Data section:
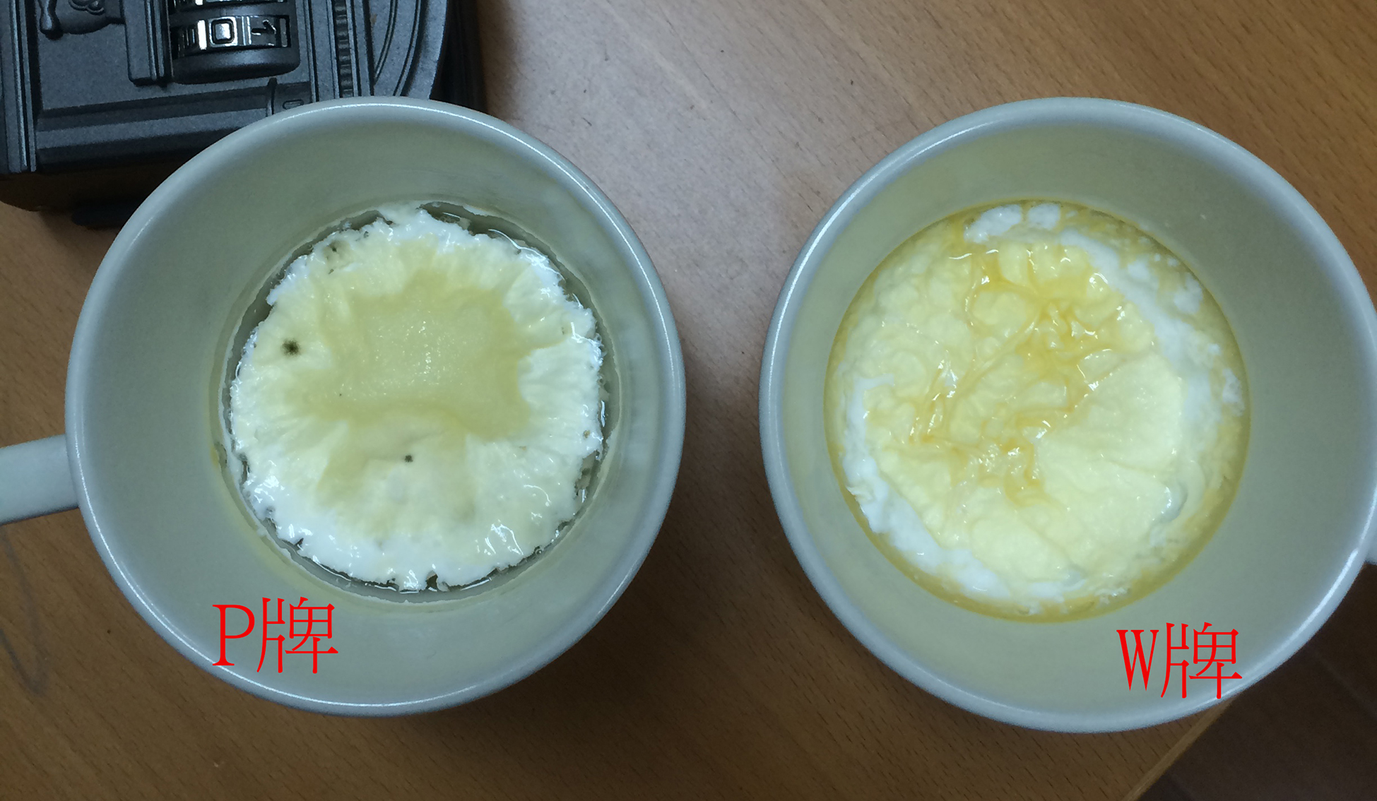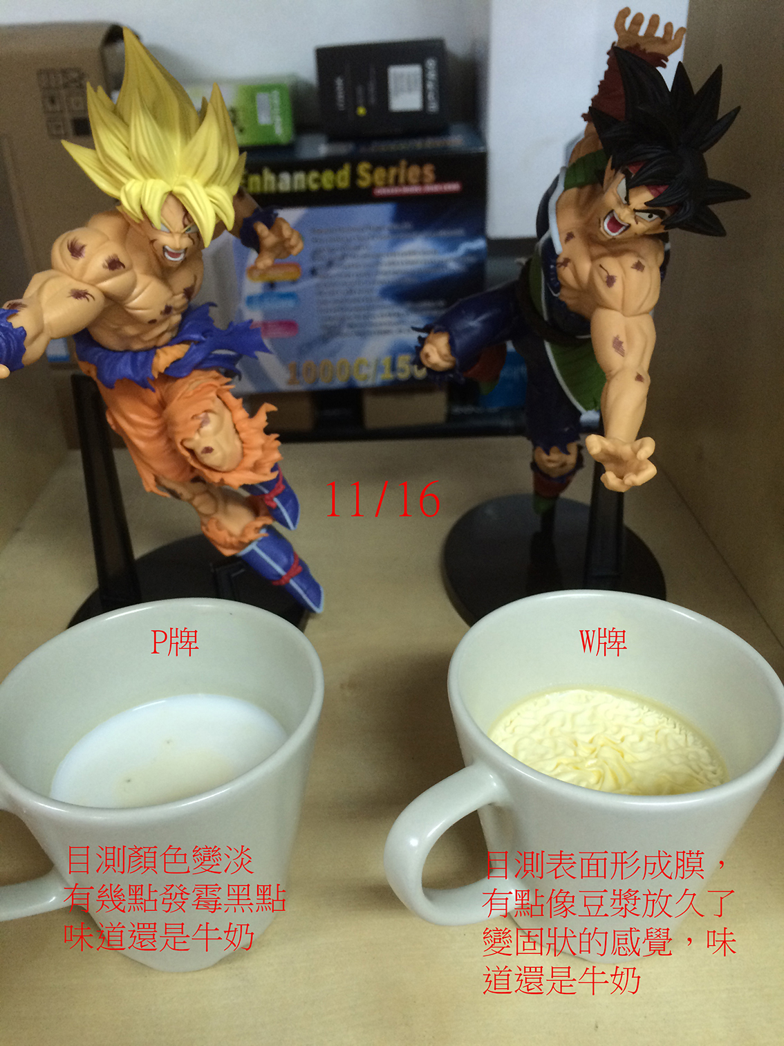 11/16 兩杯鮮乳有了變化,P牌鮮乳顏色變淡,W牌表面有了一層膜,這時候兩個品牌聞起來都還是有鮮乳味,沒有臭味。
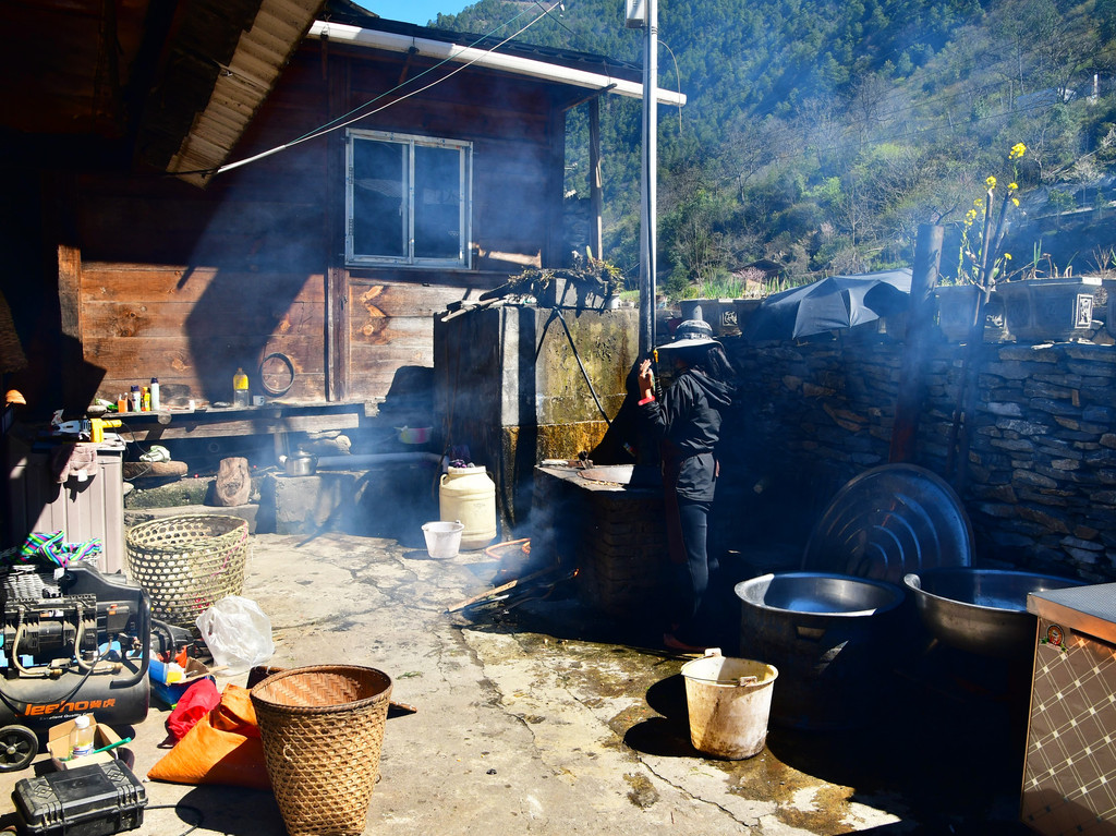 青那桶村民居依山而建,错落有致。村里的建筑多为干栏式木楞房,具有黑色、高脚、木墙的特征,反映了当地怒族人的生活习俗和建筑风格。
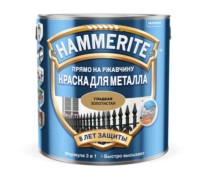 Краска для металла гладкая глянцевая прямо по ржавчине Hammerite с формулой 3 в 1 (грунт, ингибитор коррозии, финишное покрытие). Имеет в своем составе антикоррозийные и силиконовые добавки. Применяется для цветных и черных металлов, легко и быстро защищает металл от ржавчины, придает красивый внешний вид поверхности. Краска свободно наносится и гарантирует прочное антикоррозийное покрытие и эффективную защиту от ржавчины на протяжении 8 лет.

Task statement:
Transcribe the data verbatim. No picture belongs in the result.

Exercise solution:
 11/16 兩杯鮮乳有了變化,P牌鮮乳顏色變淡,W牌表面有了一層膜,這時候兩個品牌聞起來都還是有鮮乳味,沒有臭味。
 青那桶村民居依山而建,错落有致。村里的建筑多为干栏式木楞房,具有黑色、高脚、木墙的特征,反映了当地怒族人的生活习俗和建筑风格。
 Краска для металла гладкая глянцевая прямо по ржавчине Hammerite с формулой 3 в 1 (грунт, ингибитор коррозии, финишное покрытие). Имеет в своем составе антикоррозийные и силиконовые добавки. Применяется для цветных и черных металлов, легко и быстро защищает металл от ржавчины, придает красивый внешний вид поверхности. Краска свободно наносится и гарантирует прочное антикоррозийное покрытие и эффективную защиту от ржавчины на протяжении 8 лет.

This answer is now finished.